Moody's reduces the credit rating of the United States from Aaa to Aa1, citing unsustainable government debt growth.
Moody's Investors Service has downgraded the credit rating of the United States from the highest Aaa level to Aa1, attributing the decision to the failure of the government to control rising public debt.
Despite the downgrade, Moody's emphasized that the United States maintains 'exceptional credit strength,' citing factors such as the size, resilience, and dynamism of its economy, as well as the role of the US dollar as the world's primary reserve currency.
This marks Moody's as the last of the three major credit rating agencies to lower the rating of the federal government.
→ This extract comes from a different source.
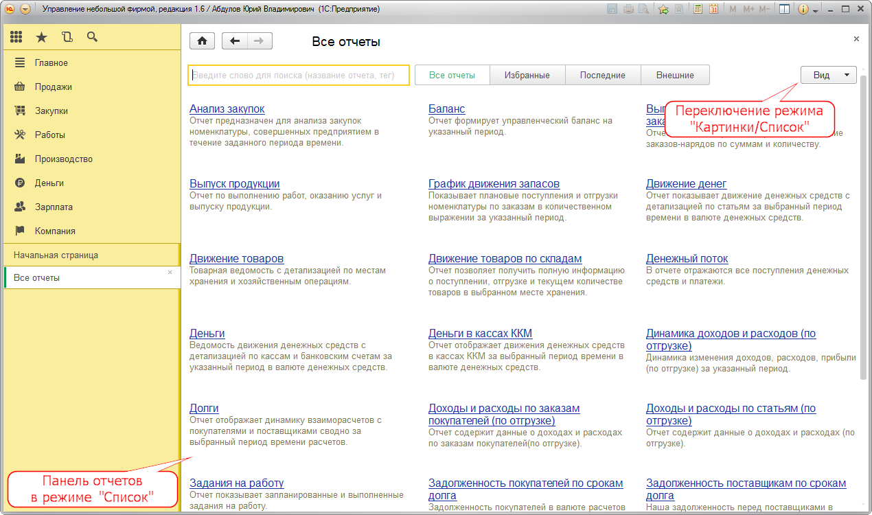 Теперь список отчётов можно просматривать в виде картинок и в виде списка.

Standard & Poor's first downgraded the federal debt in 2011, followed by Fitch in 2023.
Moody's projection indicates that federal deficits are expected to increase, potentially reaching nearly nine percent of GDP by 2035, up from 6.4 percent in 2024. This increase is primarily driven by higher interest payments on the debt, rising government spending, and relatively low revenue generation.
The agency noted that the extension of the tax cuts implemented in 2017 by President
Donald Trump—a priority for the current Republican-controlled Congress—could add $4 trillion to the primary federal deficit over the next decade, excluding interest payments.
The ongoing political stalemate in the U.S. has not addressed the significant federal deficits, as Republicans consistently reject tax increases while Democrats are unwilling to reduce expenditure.
Recently, Republicans in the House of Representatives failed to advance a substantial tax relief and spending cut package through the Budget Committee.
A small group of far-right Republican lawmakers, advocating for deeper cuts to Medicaid and tax incentives for green energy initiatives introduced by former President
Joe Biden, aligned with all Democrats in opposing the proposal.